Wednesday, April 5, 2017

Word-for-Sense

The title for this blog is based on a classic and basic issue in translation: word-for-word or sense-for-sense. That said, even though the very name of this blog is based on translation, I haven't really been talking about translation on here. I suppose that is because for me, translation is an intimate process, and I don't always feel comfortable talking about it. It’s probably because of the imposter syndrome I tend to feel about anything and everything I've ever done or do. The feeling is an uncomfortable one, but confidence doesn't come easy for me.

My translations themselves, well, I don't particularly like sharing. I'm always terrified that I have mistranslated something, or that something is somehow 'not right' in ways I'm not fully sure I can explain. I worry that my fluency in Spanish is not good enough for proper translation and find myself hounding down words in dictionaries, picking at the poem until it is nothing but words. I tend to go for very literal translations, keeping faithful to the word, and yet my heart longs for giving instead the sense that comes from such rich poetry. Translating is maddening and sometimes I wonder why I ever thought I could do it, and others I wonder how I could possibly do anything else.

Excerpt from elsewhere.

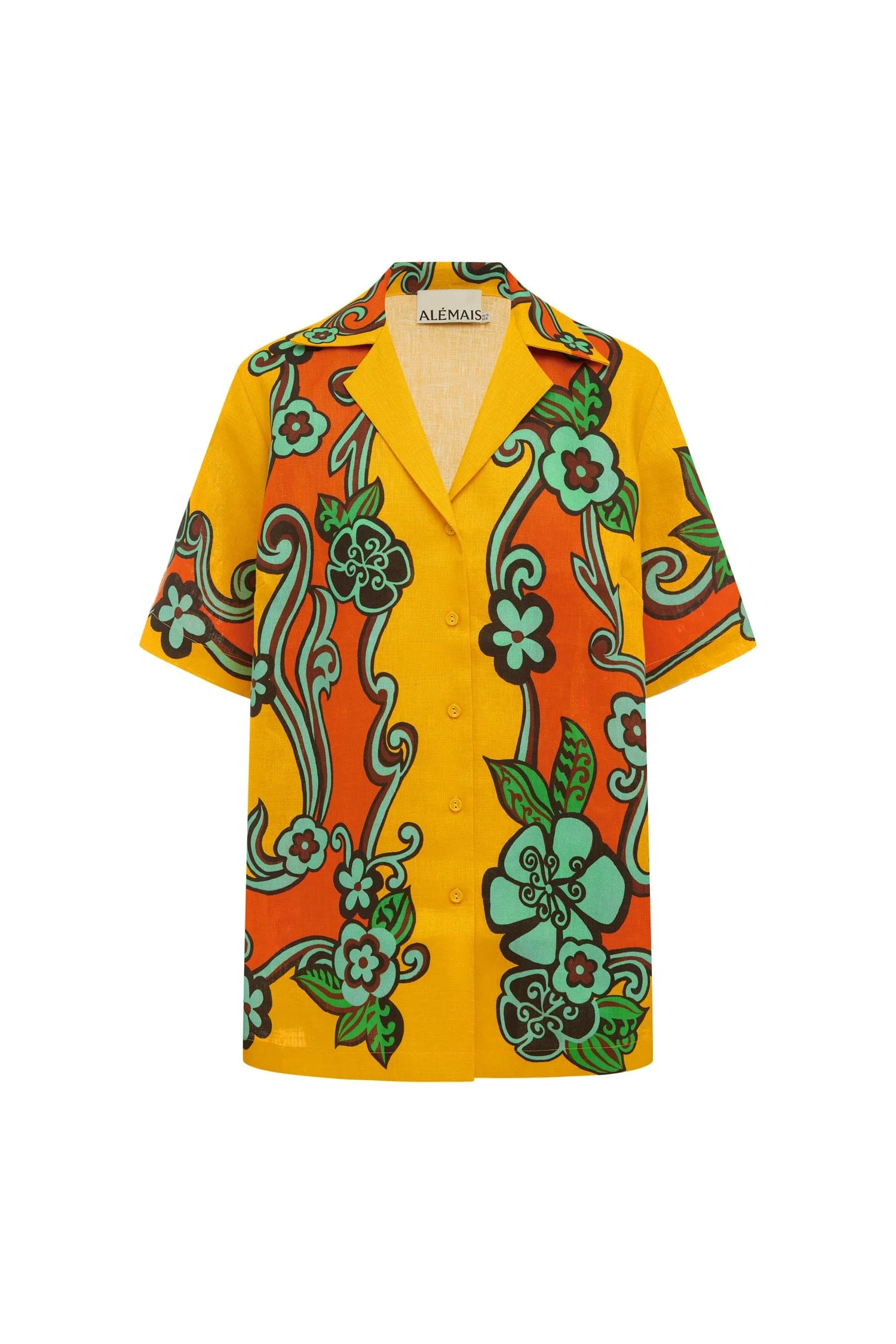 Product Details - Relaxed shirt silhouette - Rolled collar - Short sleeve - Fabric-covered buttons - Refer to size guide for garment measurements - Refer to flat lay product shots for true product colour representation - Composition: 100% European Flax Linen - For this piece we recommend a cold hand wash. Size & Fit Model height is 5'10.5in, Bust: 78cm/31in, Waist: 64cm/25in, Hip: 96cm/38in, and wears a size AU8
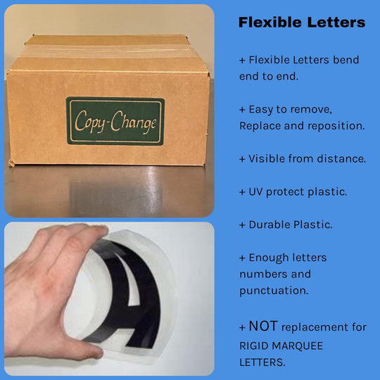 Block Style Flex change letters are the second most popular of all flexible plastic letters on the market. 6? Printed Black Letters/Red Numbers on 6 7/8" Clear Background plastic Font Count: 299. These letters should not...Regular price $110.00 -

I'm doing an independent study on translation this semester and even though there are only five weeks left of class I haven't sent my professor any poems because I am terrified he will hate them. That said if I don't send him something soon he will probably fail me, so I have resolved to send him at least two poems by Friday, no matter how much I dislike the verse. (My translation I mean, the original poems are gorgeous). The only way I can improve is if I get feedback, but like most people, I am scared of rejection. Everyone fails sometimes, it's a fact of life, but that doesn't make it comfortable.